Research community organization

The Research Data Alliance (RDA) is a global research community-driven organization started in 2013 by the European Commission, the US National Science Foundation and National Institute of Standards and Technology, and the Australian Department of Innovation. Its mission is to build the social and technical bridges to enable open sharing and re-use of data. The RDA vision is researchers and innovators openly sharing and resuing data across technologies, disciplines, and countries to address the grand challenges of society. In its initial years, the RDA was major recipient of support in the form of grants from its constituent members' governments. Since 2017, the RDA is sustained by its Organisational and Regional members.
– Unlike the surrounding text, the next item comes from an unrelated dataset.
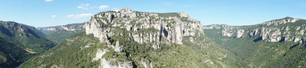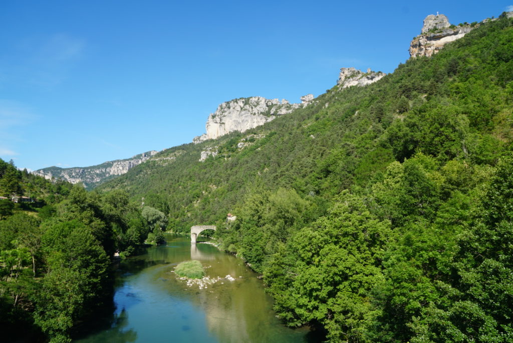 Nach so viel Kultur hält uns nichts mehr auf dem Weg zum Tarn auf. Am Eingang zur Schlucht finden wir in Le Rozier einen einfachen Campingplatz, wo wir direkt am Fluss stehen können. Und auch wenn wir schon beim Rumsitzen anfangen zu schwitzen, raffen wir uns dennoch am späten Nachmittag zu einer kleinen Wanderung zum Aussichtspunkt Capluc auf. Dass wir da über Stock und Stein kraxeln und sogar Leitern am Berg erklimmen müssen, stand nicht im Reiseführer, aber die Aussicht beim Gipfelkreuz ist wirklich fantastisch – einschließlich der über uns kreisenden Geier. Die haben wahrscheinlich bemerkt, dass mein Bergsteiger in Sandalen unterwegs ist, und haben sich schon Hoffnung auf ein fettes Abendessen gemacht, aber schließlich war mein Liebster auch schon mit Flip-Flops in den Alpen unterwegs, das macht ihm gar nichts aus!

As of March 2025, the RDA has over 15,000 individual members from over 150 countries.

== Structure ==
The RDA's main vehicle for outputs are 18-month long working groups that generate recommendations aimed at the RDA community. In addition to working groups, interest groups with no fixed lifetime can produce either informal or "supported" outputs which carry some degree of RDA endorsement.

== Meetings ==

The RDA organises two major plenary conferences a year that are often co-located within other international data sharing initiatives such as the 12th RDA plenary being part of "International Data Week, 2018" in Gaborone, co-organised by RDA, the ICSU World Data System (WDS), the ICSU Committee on Data for Science and Technology (CODATA), University of Botswana (UoB) and the Academy of Science of South Africa (ASSAf). RDA aims to spread the plenary meetings across many of its members' locales with recent plenaries being held in Helsinki, Philadelphia, Berlin, Gaborone, Montréal, Barcelona, Denver, Tokyo, Paris, San Diego, Amsterdam, Dublin, Washington DC and Gothenburg, Sweden. Edinburgh, Costa Rica and Melbourne have hosted virtual plenaries.

== Partnerships ==

The RDA partners with data sharing organisations across the globe, such as the Australian National Data Service (ANDS), an "influence over the kinds of data sharing environments that Australian researchers will work with when they collaborate with international colleagues". The RDA is partnered with many major international data initiatives such as DataCite and frequently forms joint working groups with them, such as with the World Data System.